CPI was download from BUREAU of Labor Statistics :
series ID CUUR0000SA0 (Not Seasonally Adjusted. Area: U.S. city average. Item: All items. Base Period: 1982-84=100).
The downloaded file was in MS Excel (.xlsx) format and then saved as a comma-separated-value file for R coding.
Because obtaining CPI data required website “point-and-click” by hand, the detailed process were documented in this github repository
file name: “cpi_1950_2011.csv”, “Getting CPI data from BUREAU of Labor Statistics.pdf”
# Check and load required R packages
pkg<-c("knitr", "ggplot2", "grid", "dplyr", "tidyr")
pkgCheck<-pkg %in% rownames(installed.packages())
for(i in 1:length(pkg)) {
if(pkgCheck[i]==FALSE) {
install.packages(pkg[i])
}
library(pkg[i],character.only = TRUE)
}
con<-bzfile("repdata-data-StormData.csv.bz2", "r")
storm<- read.csv(con)
close(con)
#set table and figure counter
tnum<- 0L
fnum<- 0L
Variables
colnames(storm)
## [1] "STATE__" "BGN_DATE" "BGN_TIME" "TIME_ZONE" "COUNTY"

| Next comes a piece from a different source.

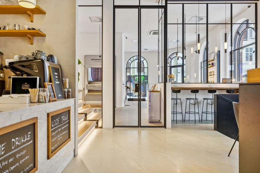Lokalerne er velindrettede med en optimal balance mellem køkken, serveringsområde og personaleplads, og de høje vinduer mod pladsen inviterer det livlige byrum indenfor.
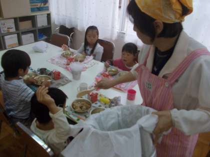 ランチルームでは,1年1組が岩元栄養教諭から,変更された献立について教えてもらって合掌をして給食を食べました。特配のおかわりは,齋藤先生に配ってもらいました。ランチルームで台風献立の給食を食べたことは,思い出に残るような気がします。

## [6] "COUNTYNAME" "STATE" "EVTYPE" "BGN_RANGE" "BGN_AZI"
## [11] "BGN_LOCATI" "END_DATE" "END_TIME" "COUNTY_END" "COUNTYENDN"
## [16] "END_RANGE" "END_AZI" "END_LOCATI" "LENGTH" "WIDTH"
## [21] "F" "MAG" "FATALITIES" "INJURIES" "PROPDMG"
## [26] "PROPDMGEXP" "CROPDMG" "CROPDMGEXP" "WFO" "STATEOFFIC"
## [31] "ZONENAMES" "LATITUDE" "LONGITUDE" "LATITUDE_E" "LONGITUDE_"
## [36] "REMARKS" "REFNUM"
Among 37 variables in the dataset. We were interested in only the following for the intended analysis:
event type: EVTYPE
population health : FATALITIES / INJURIES
economic consequences: PROPDMG / CROPDMG for “number”, PROPDMGEXP / CROPDMGEXP for “magnitude”. The damage dollar amount would be “number” x “magnitude”
Others that may be useful for analysis: STATE / BGN_DATE
str(storm[, c(2,7,8,23,24:28)])
## 'data.frame': 902297 obs. of 9 variables:
## $ BGN_DATE : Factor w/ 16335 levels "1/1/1966 0:00:00",..: 6523 6523 4242 11116 2224 2224 2260 383 3980 3980 ...
## $ STATE : Factor w/ 72 levels "AK","AL","AM",..: 2 2 2 2 2 2 2 2 2 2 ...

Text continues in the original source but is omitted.